### Work item
This task calls for the lines below starting at the one containing "10 цен на Масло" and ending at the one containing "Kolczyki wykonane ze", repeated exactly with both ends kept and pictures left out.

### Study material

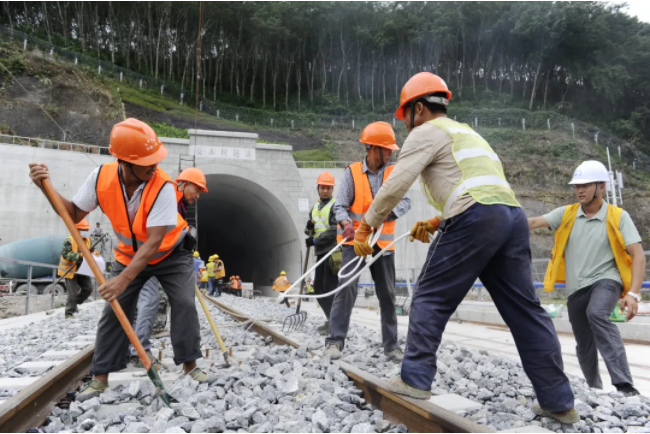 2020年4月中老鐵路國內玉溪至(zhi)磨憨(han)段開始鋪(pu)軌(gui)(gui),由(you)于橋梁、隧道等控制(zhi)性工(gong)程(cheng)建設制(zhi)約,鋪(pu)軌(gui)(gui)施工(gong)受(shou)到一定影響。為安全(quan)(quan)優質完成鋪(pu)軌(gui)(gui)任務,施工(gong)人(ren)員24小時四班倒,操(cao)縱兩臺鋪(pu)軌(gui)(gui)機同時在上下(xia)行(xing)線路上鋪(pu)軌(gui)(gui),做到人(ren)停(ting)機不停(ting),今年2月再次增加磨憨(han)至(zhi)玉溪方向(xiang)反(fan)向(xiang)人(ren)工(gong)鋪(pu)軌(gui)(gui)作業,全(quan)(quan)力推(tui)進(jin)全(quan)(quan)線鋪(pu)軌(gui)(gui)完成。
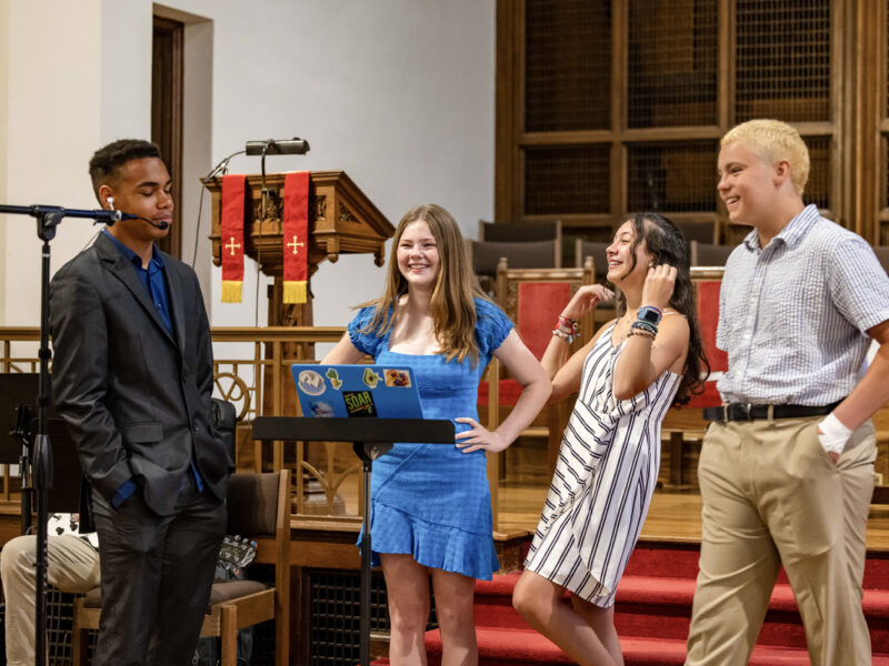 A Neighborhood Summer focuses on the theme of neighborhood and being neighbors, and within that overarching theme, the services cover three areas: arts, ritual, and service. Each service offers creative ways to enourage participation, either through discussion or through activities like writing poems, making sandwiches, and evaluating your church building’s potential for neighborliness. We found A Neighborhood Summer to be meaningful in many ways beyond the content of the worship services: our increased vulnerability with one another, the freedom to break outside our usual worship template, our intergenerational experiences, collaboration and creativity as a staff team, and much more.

--

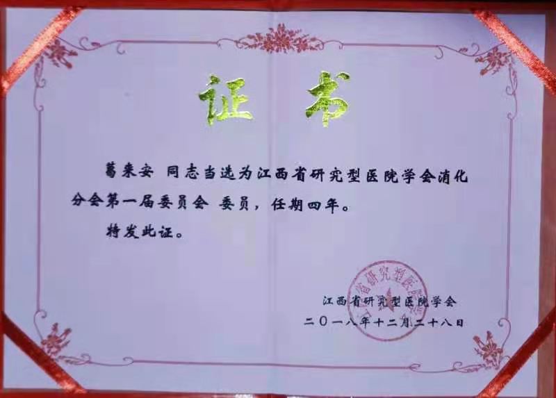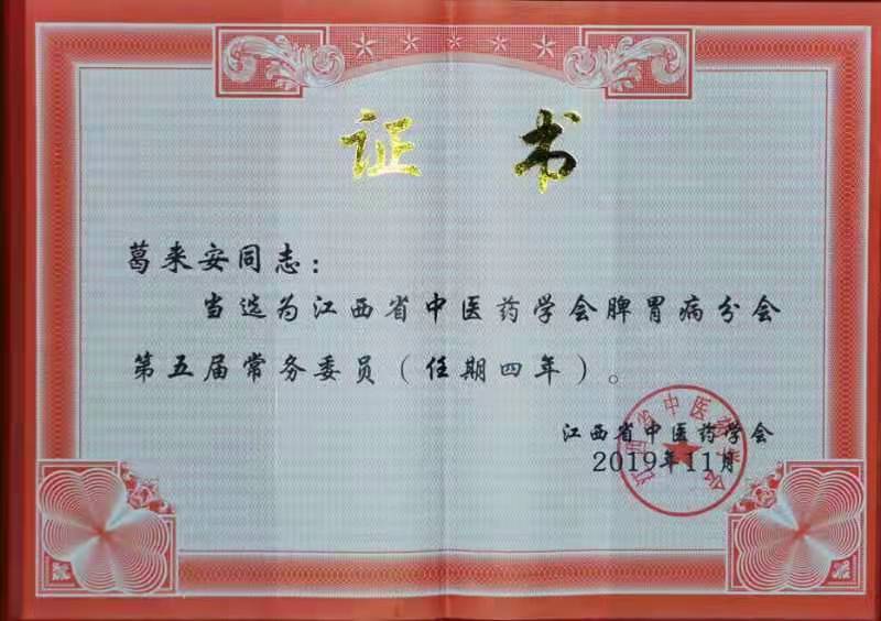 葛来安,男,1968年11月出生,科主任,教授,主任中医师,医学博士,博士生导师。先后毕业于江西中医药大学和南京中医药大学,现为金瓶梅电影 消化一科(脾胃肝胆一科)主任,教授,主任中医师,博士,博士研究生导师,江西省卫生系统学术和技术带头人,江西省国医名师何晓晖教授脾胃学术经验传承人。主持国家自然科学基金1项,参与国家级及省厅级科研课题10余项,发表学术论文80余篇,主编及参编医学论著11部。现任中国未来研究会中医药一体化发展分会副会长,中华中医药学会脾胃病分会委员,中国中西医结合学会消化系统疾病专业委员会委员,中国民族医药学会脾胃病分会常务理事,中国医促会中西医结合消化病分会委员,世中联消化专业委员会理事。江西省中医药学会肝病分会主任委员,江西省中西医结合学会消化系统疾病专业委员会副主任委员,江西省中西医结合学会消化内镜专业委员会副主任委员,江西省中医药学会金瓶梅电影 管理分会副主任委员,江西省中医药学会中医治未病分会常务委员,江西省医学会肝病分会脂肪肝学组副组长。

==

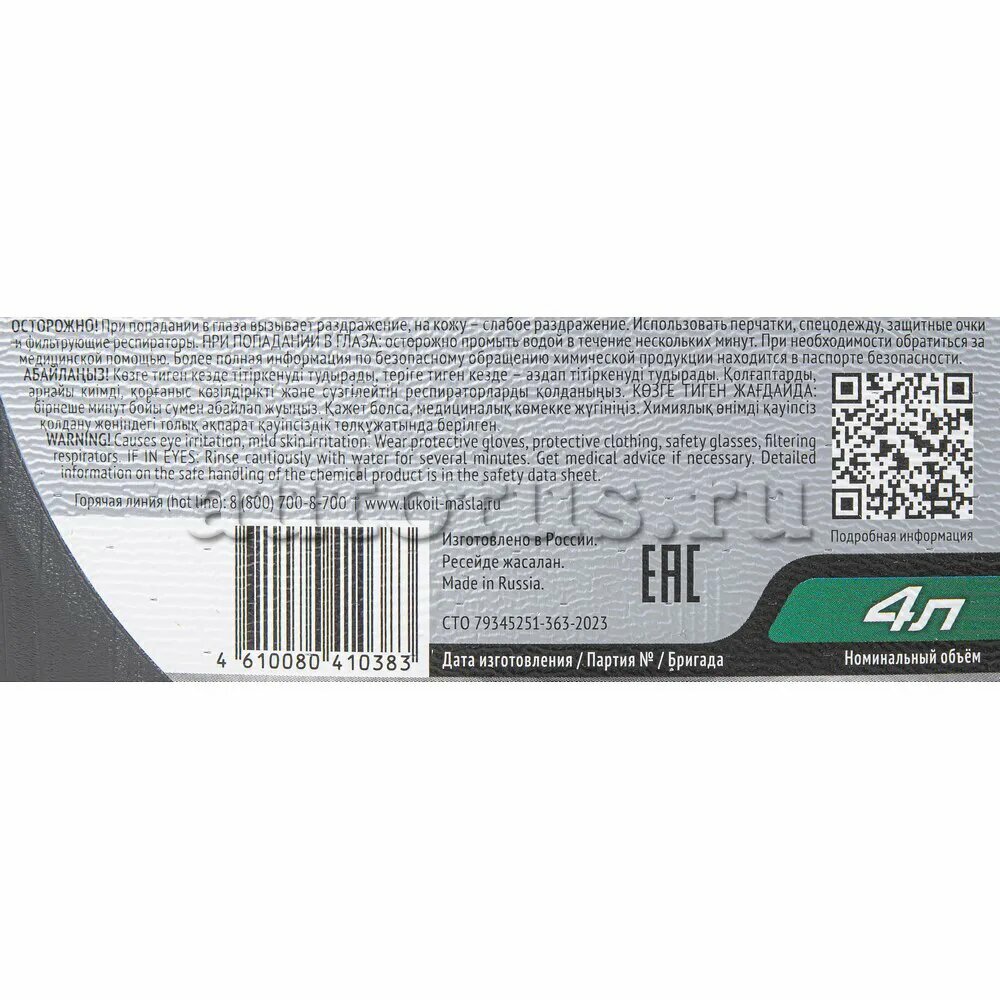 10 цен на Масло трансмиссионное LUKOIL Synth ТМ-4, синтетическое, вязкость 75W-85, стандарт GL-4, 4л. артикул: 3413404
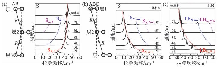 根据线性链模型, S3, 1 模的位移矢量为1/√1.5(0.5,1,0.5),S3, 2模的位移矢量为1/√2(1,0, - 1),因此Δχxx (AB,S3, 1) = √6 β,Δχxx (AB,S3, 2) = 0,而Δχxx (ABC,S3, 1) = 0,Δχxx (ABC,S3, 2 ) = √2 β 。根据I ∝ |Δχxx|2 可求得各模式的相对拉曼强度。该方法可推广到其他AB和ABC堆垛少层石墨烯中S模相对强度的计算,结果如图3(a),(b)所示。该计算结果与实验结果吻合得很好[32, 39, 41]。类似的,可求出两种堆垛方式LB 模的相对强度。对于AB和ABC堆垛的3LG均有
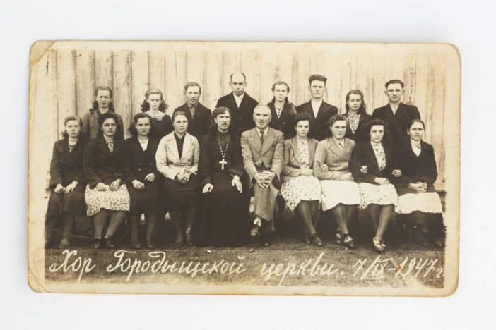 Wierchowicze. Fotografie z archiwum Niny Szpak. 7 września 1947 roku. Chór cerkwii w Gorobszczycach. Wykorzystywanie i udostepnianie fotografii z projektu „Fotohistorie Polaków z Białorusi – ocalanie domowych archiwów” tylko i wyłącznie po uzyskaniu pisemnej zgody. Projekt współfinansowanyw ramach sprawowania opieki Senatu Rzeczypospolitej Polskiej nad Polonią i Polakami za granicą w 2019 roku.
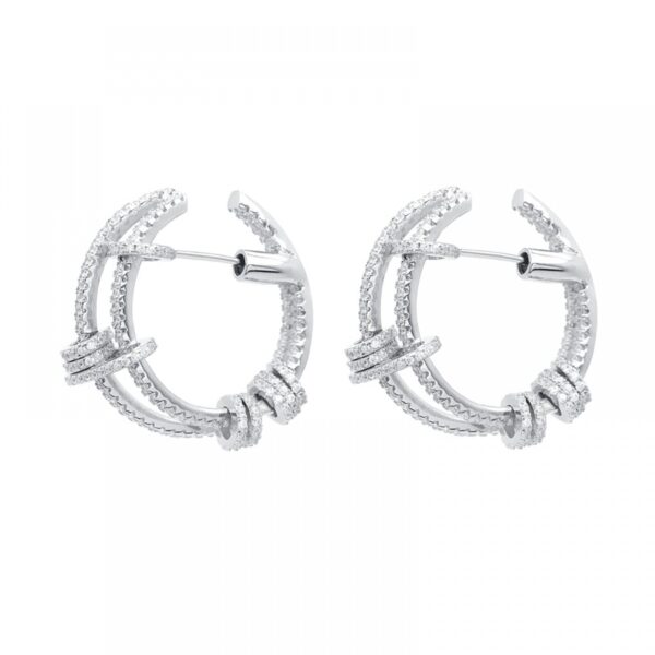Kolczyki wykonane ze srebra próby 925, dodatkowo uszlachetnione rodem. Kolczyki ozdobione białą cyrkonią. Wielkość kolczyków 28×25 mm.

### Output of the exercise
 10 цен на Масло трансмиссионное LUKOIL Synth ТМ-4, синтетическое, вязкость 75W-85, стандарт GL-4, 4л. артикул: 3413404
 根据线性链模型, S3, 1 模的位移矢量为1/√1.5(0.5,1,0.5),S3, 2模的位移矢量为1/√2(1,0, - 1),因此Δχxx (AB,S3, 1) = √6 β,Δχxx (AB,S3, 2) = 0,而Δχxx (ABC,S3, 1) = 0,Δχxx (ABC,S3, 2 ) = √2 β 。根据I ∝ |Δχxx|2 可求得各模式的相对拉曼强度。该方法可推广到其他AB和ABC堆垛少层石墨烯中S模相对强度的计算,结果如图3(a),(b)所示。该计算结果与实验结果吻合得很好[32, 39, 41]。类似的,可求出两种堆垛方式LB 模的相对强度。对于AB和ABC堆垛的3LG均有
 Wierchowicze. Fotografie z archiwum Niny Szpak. 7 września 1947 roku. Chór cerkwii w Gorobszczycach. Wykorzystywanie i udostepnianie fotografii z projektu „Fotohistorie Polaków z Białorusi – ocalanie domowych archiwów” tylko i wyłącznie po uzyskaniu pisemnej zgody. Projekt współfinansowanyw ramach sprawowania opieki Senatu Rzeczypospolitej Polskiej nad Polonią i Polakami za granicą w 2019 roku.
Kolczyki wykonane ze srebra próby 925, dodatkowo uszlachetnione rodem. Kolczyki ozdobione białą cyrkonią. Wielkość kolczyków 28×25 mm.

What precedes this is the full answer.